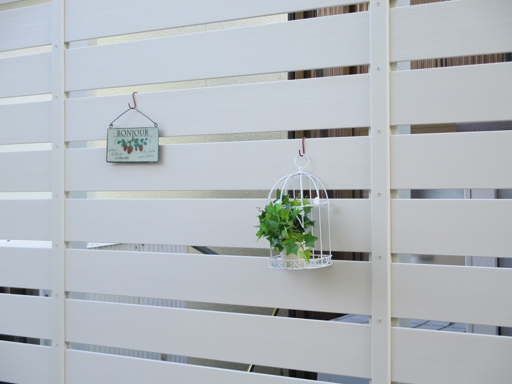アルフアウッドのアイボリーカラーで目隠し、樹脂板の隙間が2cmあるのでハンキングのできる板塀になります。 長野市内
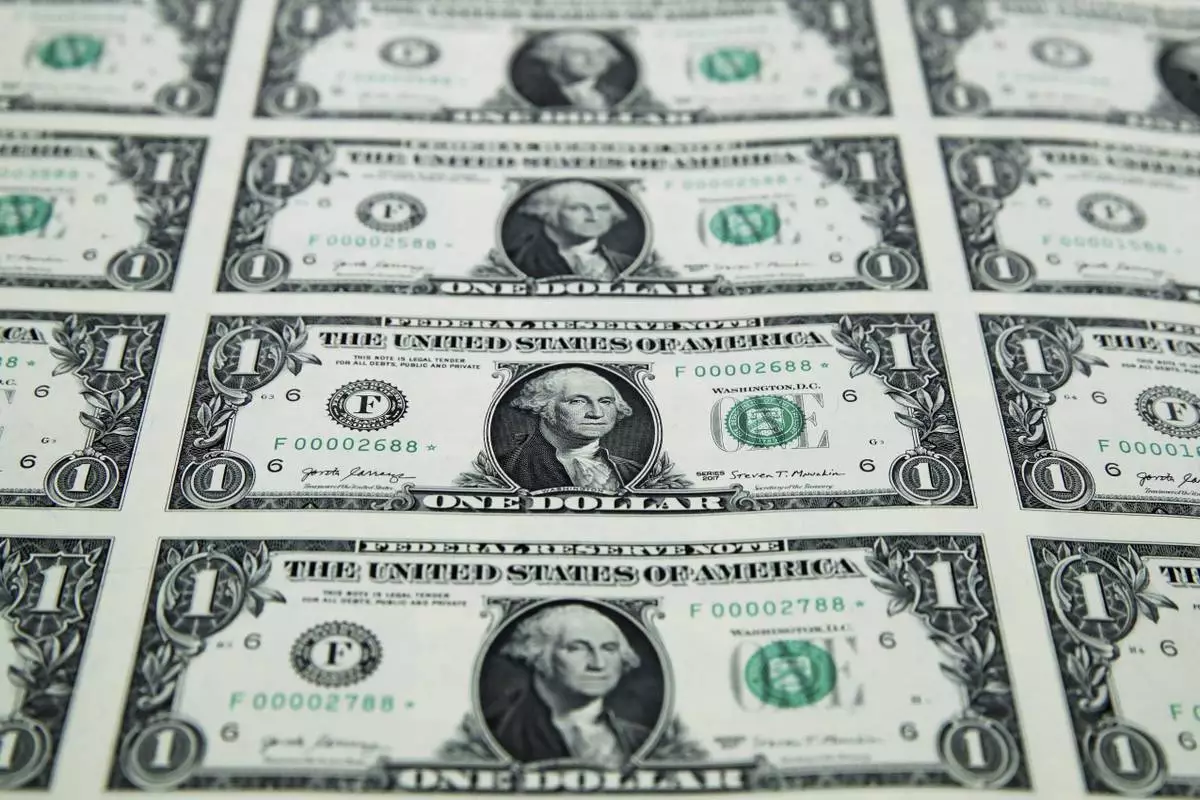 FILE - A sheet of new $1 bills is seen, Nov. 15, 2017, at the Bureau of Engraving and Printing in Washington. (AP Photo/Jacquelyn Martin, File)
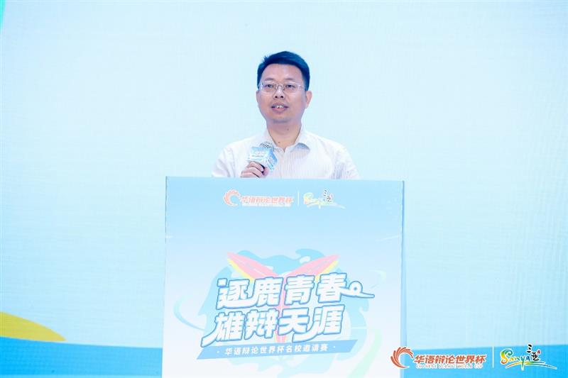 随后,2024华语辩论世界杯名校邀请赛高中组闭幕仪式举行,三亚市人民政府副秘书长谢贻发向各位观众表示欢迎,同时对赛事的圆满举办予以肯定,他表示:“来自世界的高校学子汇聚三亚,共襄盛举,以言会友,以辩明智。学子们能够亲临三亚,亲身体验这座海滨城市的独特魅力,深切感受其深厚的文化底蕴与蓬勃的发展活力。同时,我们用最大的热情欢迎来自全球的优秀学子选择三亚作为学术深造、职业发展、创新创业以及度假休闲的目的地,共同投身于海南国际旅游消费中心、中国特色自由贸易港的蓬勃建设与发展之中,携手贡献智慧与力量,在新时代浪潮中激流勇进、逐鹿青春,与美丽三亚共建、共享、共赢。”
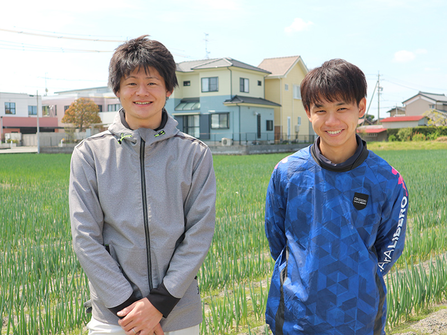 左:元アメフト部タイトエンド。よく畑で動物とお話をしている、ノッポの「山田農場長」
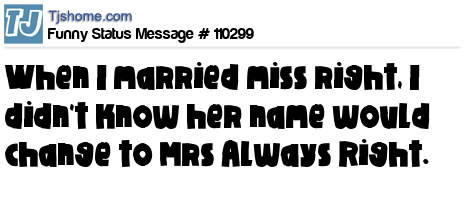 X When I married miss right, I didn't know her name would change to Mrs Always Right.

* * *

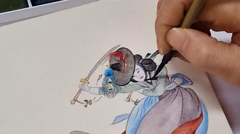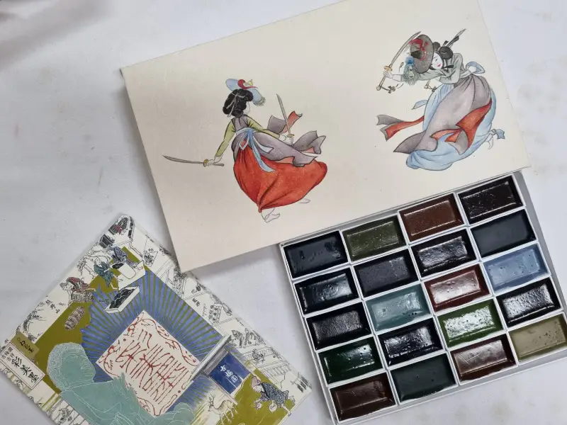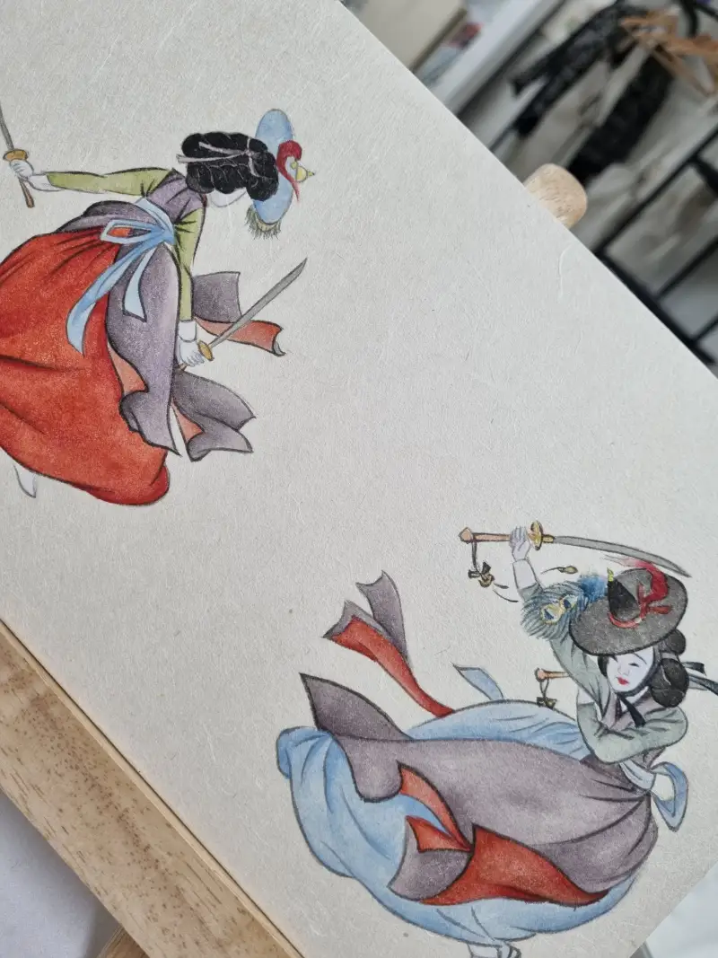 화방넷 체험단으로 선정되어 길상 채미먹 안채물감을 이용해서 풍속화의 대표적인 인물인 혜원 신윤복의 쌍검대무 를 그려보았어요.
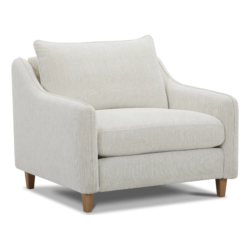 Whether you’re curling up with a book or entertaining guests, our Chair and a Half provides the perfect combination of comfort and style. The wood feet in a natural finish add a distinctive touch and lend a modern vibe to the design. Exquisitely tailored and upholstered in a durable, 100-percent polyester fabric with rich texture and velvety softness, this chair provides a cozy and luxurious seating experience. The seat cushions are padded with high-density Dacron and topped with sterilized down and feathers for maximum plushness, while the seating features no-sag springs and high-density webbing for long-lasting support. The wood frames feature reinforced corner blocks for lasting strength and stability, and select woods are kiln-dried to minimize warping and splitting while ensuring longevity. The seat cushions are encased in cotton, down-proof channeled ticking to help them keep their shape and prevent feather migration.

...

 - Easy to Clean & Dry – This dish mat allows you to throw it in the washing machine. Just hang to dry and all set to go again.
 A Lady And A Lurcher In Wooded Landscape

#### Work instruction
Print, without alteration, only the lines above between the one holding "- Easy to Clean" and the one holding "A Lady And A Lurcher In Wooded Landscape", inclusive.

#### Result
 - Easy to Clean & Dry – This dish mat allows you to throw it in the washing machine. Just hang to dry and all set to go again.
 A Lady And A Lurcher In Wooded Landscape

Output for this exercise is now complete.